Amis
- Type: Public
- Industry: Internet service provider (ISP)
- Founded: 1995
- Headquarters: Maribor, Slovenia
- Key people: Boštjan Košak
- Products: IPTV, Internet, VOIP
- Website: www.amis.net

= Amis (Internet service provider) =

Internet service provider (ISP) in Slovenia and Croatia

Amis is an Internet service provider (ISP) in Slovenia, providing nationwide solutions for more than 105,000 domestic and business users with leading electronic communications and entertainment services. The company is situated in Maribor and Ljubljana. Amis was acquired by the A1 Group in 2015.

==History==

The company was established on May 15, 1995, as the first specialized internet service provider in Slovenia.
In order to expand and provide internet services for the Slovenian market, in 1997 internet network Amis was established in the framework of the company. Amis thus became a Brand, holder of all market services and products still today.

In the early stages, before entering of financial investors, Amis was based predominantly on its own sources, simple organization and focusing on niche market segments. The achieved business success led to admittance of new investors in 2006, namely investment funds Iris Capital (France) and KBC (Belgian) which enabled fast growth, large-scale expansion of activities and trebled number of staff of the company. IRIS and KBC bought Amis on June 28, 2006, for 8,380,000 EUR (together with Amis Telecom in Croatia). Ten years later, on January 4, 2016, Amis was sold (together with Amis Telecom in Croatia) for 33.939,330.24 EUR to mobile provider A1 and on March 16, 2016, integrated into A1.

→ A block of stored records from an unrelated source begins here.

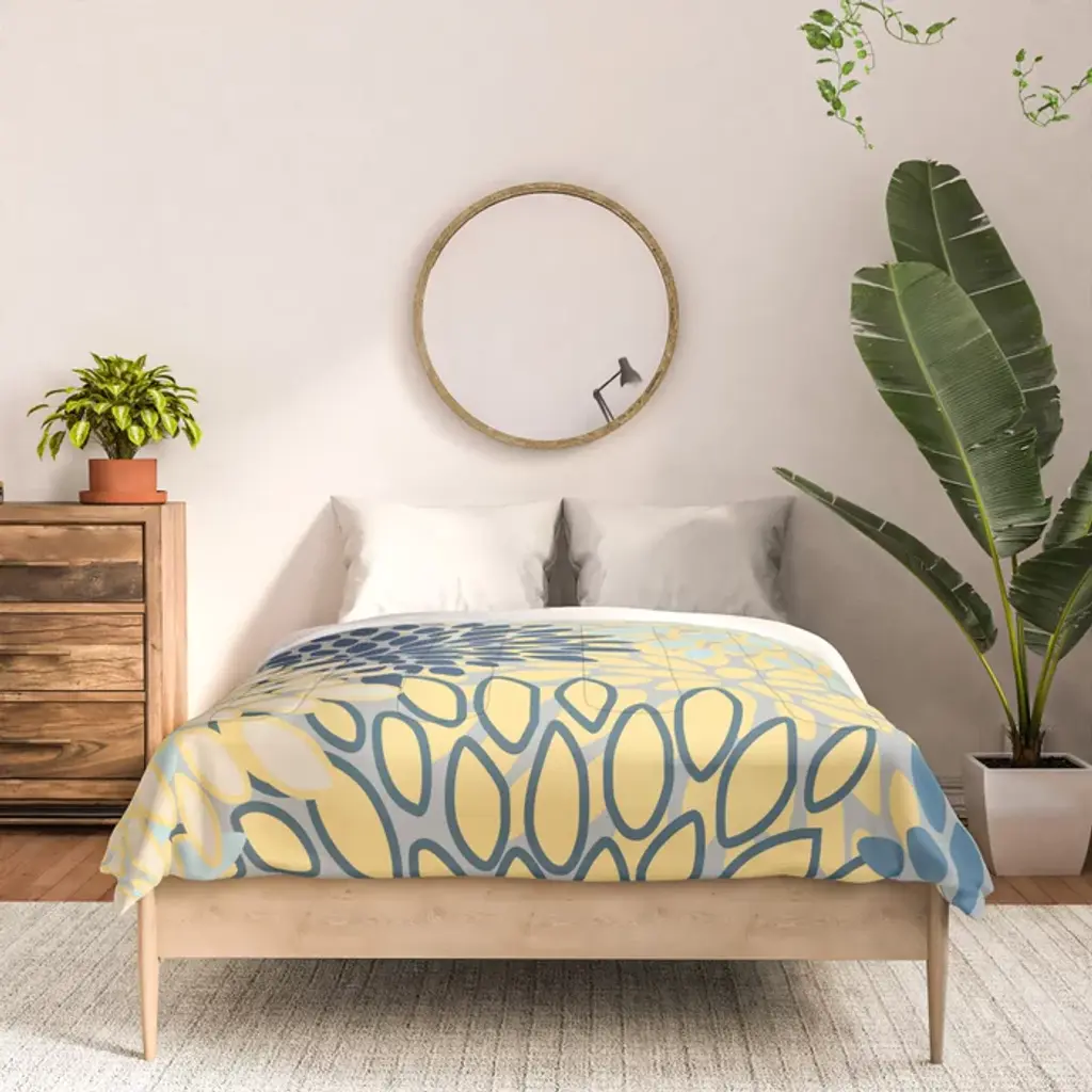 Floral Print, Yellow, Gray, Blue, Teal Comforter
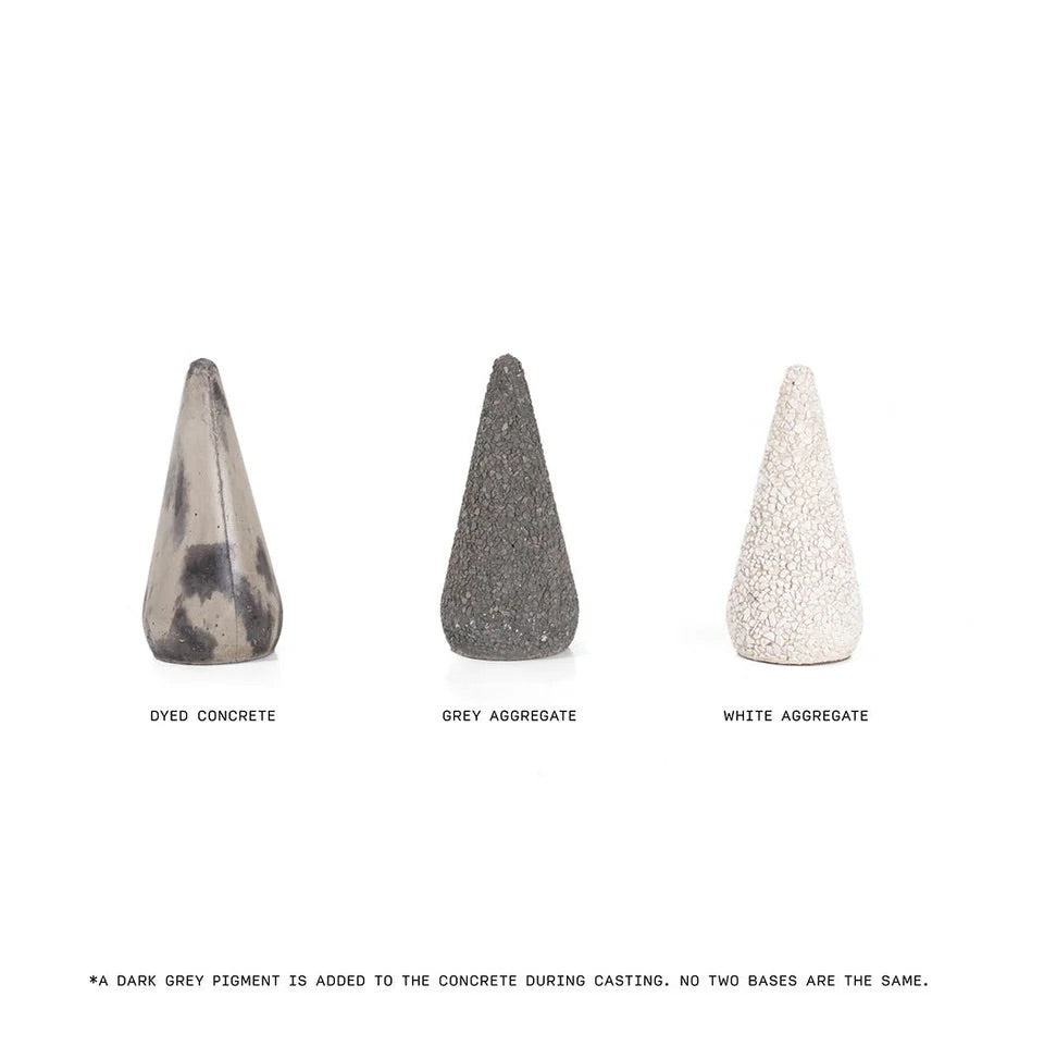 This designer coffee table makes a strong visual statement while remaining grounded in craftsmanship and materiality. The base is available in three distinct materials or finishes- stone aggregate in white or grey, or dyed concrete- where dark pigment is mixed directly into the cast, making each version subtly unique. A cork underside completes the thoughtful detailing.
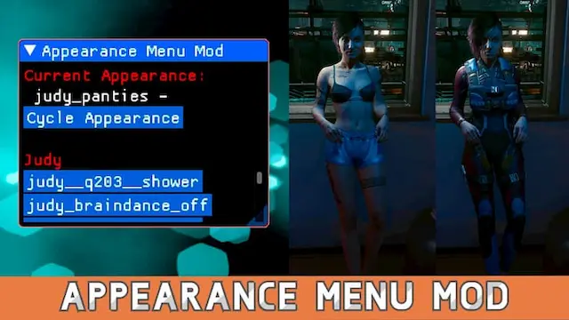 외모 메뉴 모드(Appearance Menu Mod)를 사용하면 목록에서 프리셋을 선택하여 메인 NPC의 의상을 변경 또는 저장할 수 있습니다. 또한 외모 순환(Cycle Appearance) 버튼으로 NPC의 외모를 랜덤 하게 변경할 수 있습니다.
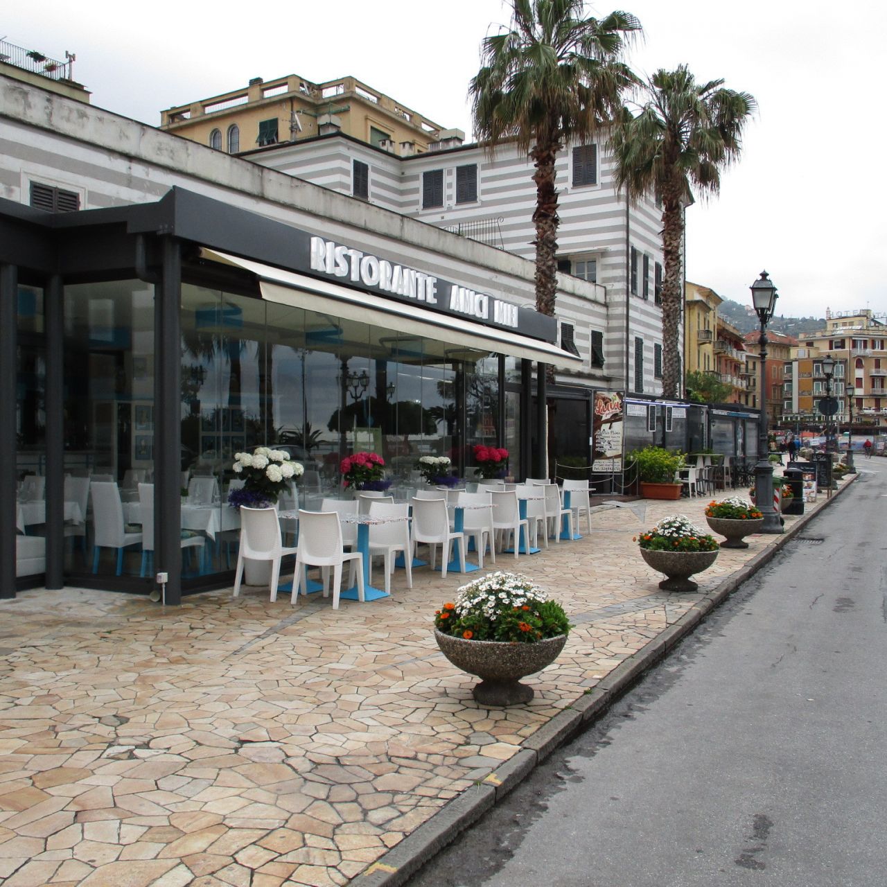 Il ristorante danneggiato da una terribile mareggiata, è risorto a nuova vita in pochi mesi. Il progetto, caratterizzato da forme rigorose e lineari, sembra dialogare con la casa storica e con l'architettura razionalista del primo Novecento, l'epoca in cui proprio in località rinomate come Rapallo nasceva il turismo internazionale. La nuova veranda vetrata si caratterizza per la separazione tra la struttura delle colonne cilindriche ed i serramenti che, nel fronte verso il mare, con un particolare sistema di movimento, consentono l'apertura completa del locale verso l'esterno.
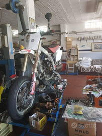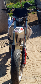 Honda 450 Motard omologato per passeggero guidabile con Pat A2 motore rifatto da meno di 10 ore la moto e ferma da qlk anno necessità di revisione ,revisione pompa freno anteriore ,presenta crepa sul parafango anteriore e qnd e al massimo dei giri. Piccole goccine di liquido raffreddamento dalla valvola premi stop della pompa acqua per il resto e una bomba con 100€ in più aggiungo scarico leovince SBK tutto in titanio e carbonio assieme alla moto do una vasca piena di ricambi interni del motore cestello completo di frizione statore e voleno. Pedaline in titanio e cavalletto per tenere la moto sollevata da terra e tanto
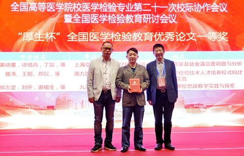 会议同时举办了“人卫杯三全育人青年教师演讲比赛”、“厚生杯全国医学检验教育优秀论文奖评审”,并举行了颁奖仪式。永利yl23411集团官网临床医学院/附属医院青年教师段训新、谢福生分别荣获“人卫杯三全育人青年教师演讲比赛”二等奖,胡志坚教授等荣获“厚生杯全国医学检验教育优秀论文奖”一等奖。
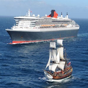 With both vessels sailing on an inaugural circumnavigation of Australia, Cunard’s Queen Mary 2 took 20 days to complete her voyage, where the Endeavour replica is expected to take 13 months.
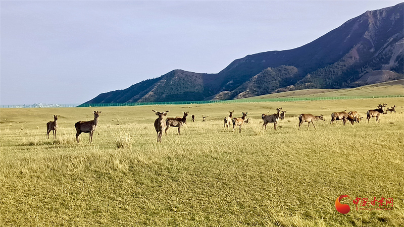 初夏的肅南大河草原牧草逐漸返青,一群群馬鹿在草原上悠閑覓食,游客到來并沒有打擾它們的正常活動。
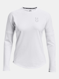 What's it do? This pullover has all the makings of greatness—light, stretchy, and warm. But the customizable sleeves are what sets it apart. Why? Because temps should be the least of your worries on practice and game days. Product DNA - Soft, textured ColdGear® knit fabric moves with you & provides exceptional warmth - Material wicks sweat & dries really fast - Mesh underarm panels for strategic breathability - Open hand pockets - Rip stitch convertible sleeves & collar so you can cut at the elbow seam for a short sleeve - Shaped hem - Loose: Fuller cut for complete comfort. - Style #: 1375666 - Body: 86% Polyester/14% Elastane - Mesh: 92% Polyester/8% Elastane - Imported
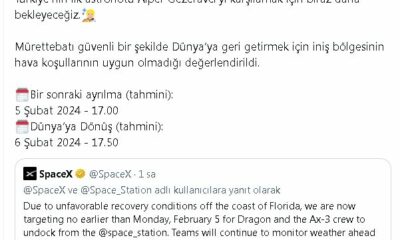 SANAYİ ve Teknoloji Bakanı Mehmet Fatih Kacır, Alper Gezeravcı’nın yer aldığı Ax-3 misyonunun dünyaya geri dönüşünün olumsuz hava koşulları nedeniyle ertelendiğini açıkladı. Bakan Kacır, sosyal medya...
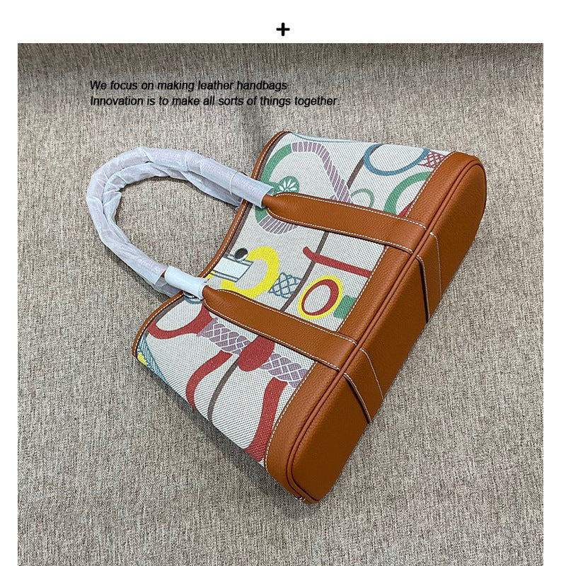 女包彩色腋下菜篮子牛皮拼帆布托特大容量撞色单肩双肩斜挎花园
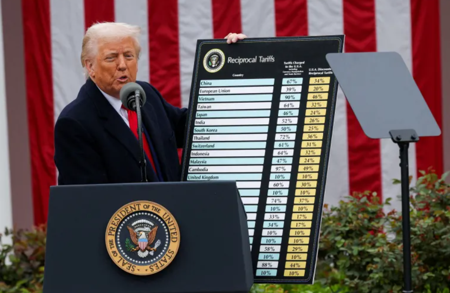 قد تتساءل: "ماذا عن العمود الذهبي في عمود "الرسوم الجمركية المتبادلة المخفضة للولايات المتحدة الأمريكية"؟". هذا ببساطة هو الأكبر من نصف عمود "الرسوم الجمركية المفروضة" و10%. يمكن ملاحظة ذلك بمجرد النظر إلى الجدول.
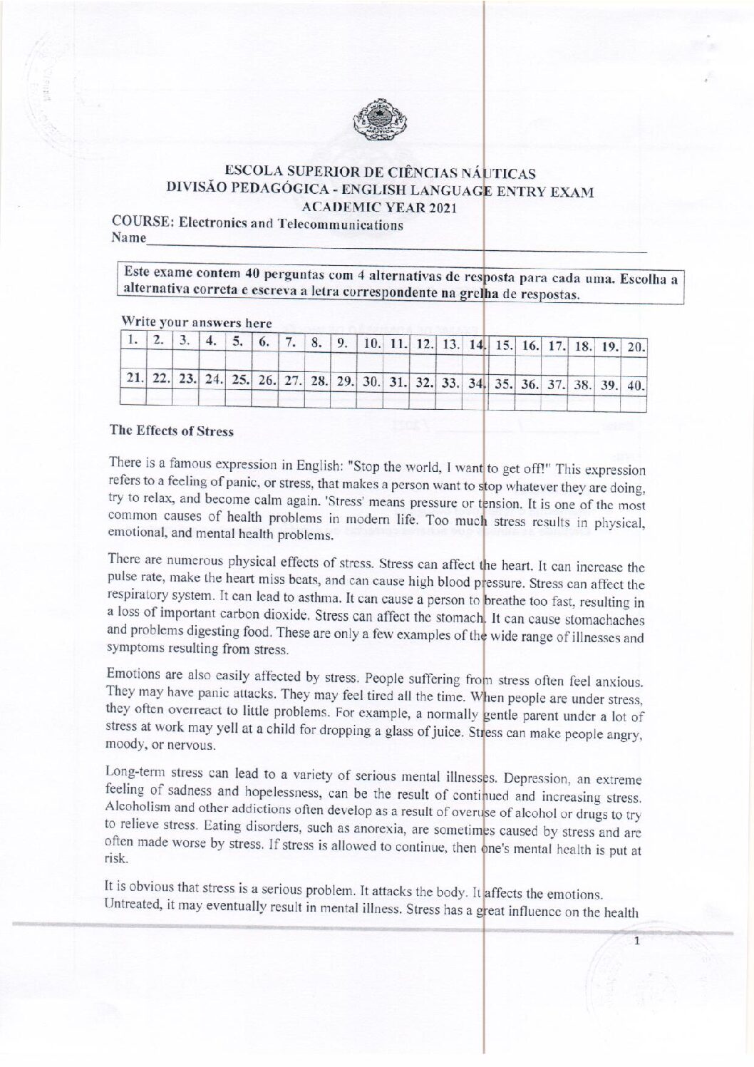 Inglês – 2019 da Escola Náutica (Enunciado do Exame de Admissão em PDF). Baixe grátis em formato PDF para estudo e preparação....
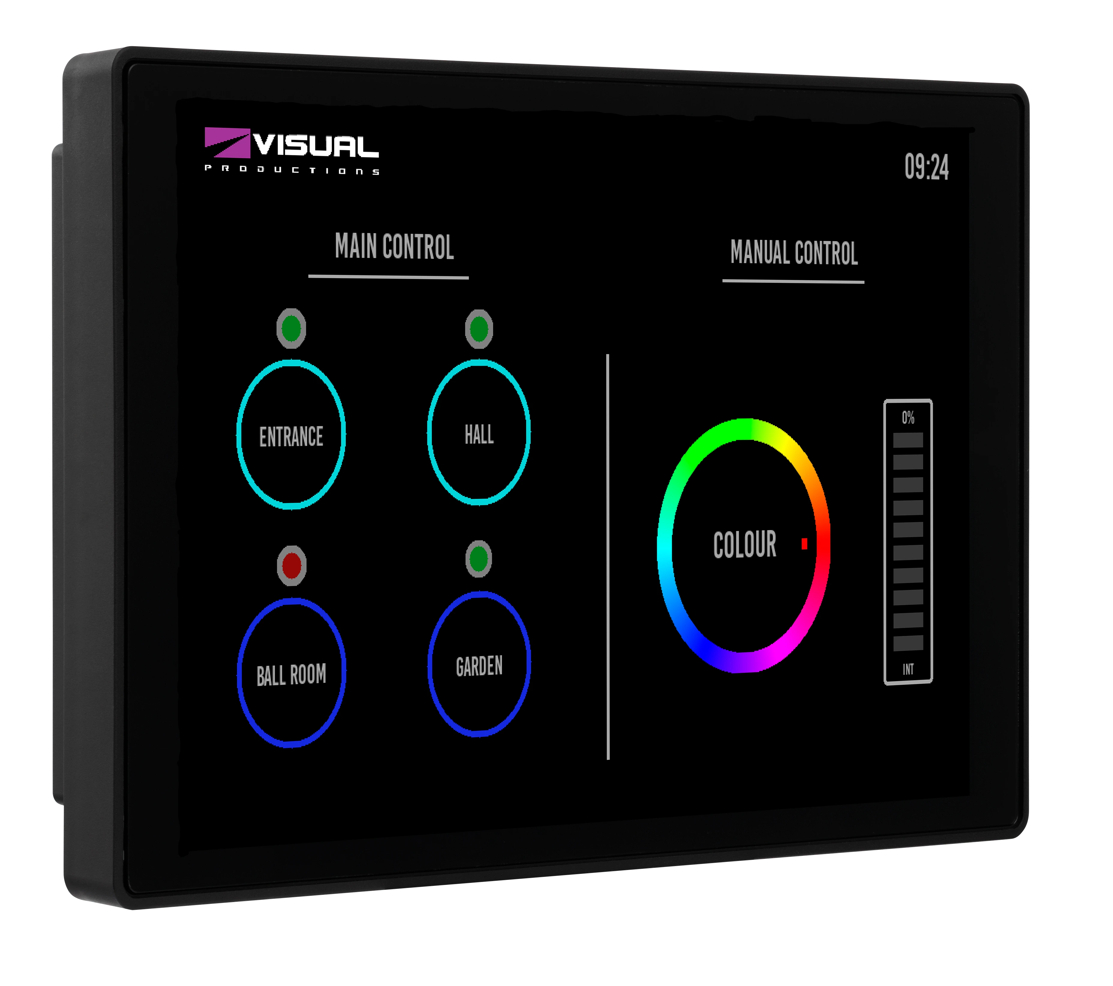 KioscTouch2 to naścienny ekran dotykowy o przekątnej 8″, zaprojektowany jako intuicyjny interfejs sterowania systemami oświetlenia i AV. Urządzenie łączy w sobie responsywny, wysokiej rozdzielczości ekran z szerokimi możliwościami personalizacji, dzięki czemu idealnie sprawdza się w nowoczesnych instalacjach: od scen teatralnych i przestrzeni eventowych, przez muzea i obiekty komercyjne, aż po zaawansowane systemy sterowania.

Today, Amis is the sole provider of telecommunication services with long tradition and continuous growth. The nationwide Slovenian market is being covered by Amis' services.

==Network and services==

In all years of its existence, Amis relied on its tradition as the first alternative provider of broadband access. The company built the largest alternative ADSL 2+ network in Slovenia and in 2011 started to market broadband services on optical network of the national operator.

AMIS also markets TDMoIP and VoIP services to corporate and residential users. Since 2013 AMIS extended the technical product portfolio with the introduction of VDSL2 mainly for corporate users.

In the segment of domestic users, Amis Televizija represents the key platform for development and marketing of leading IPTV services and other contents and thus becoming the centre of entertainment in households. It is easily accessible via STB, mobile telephone, personal or tablet computer.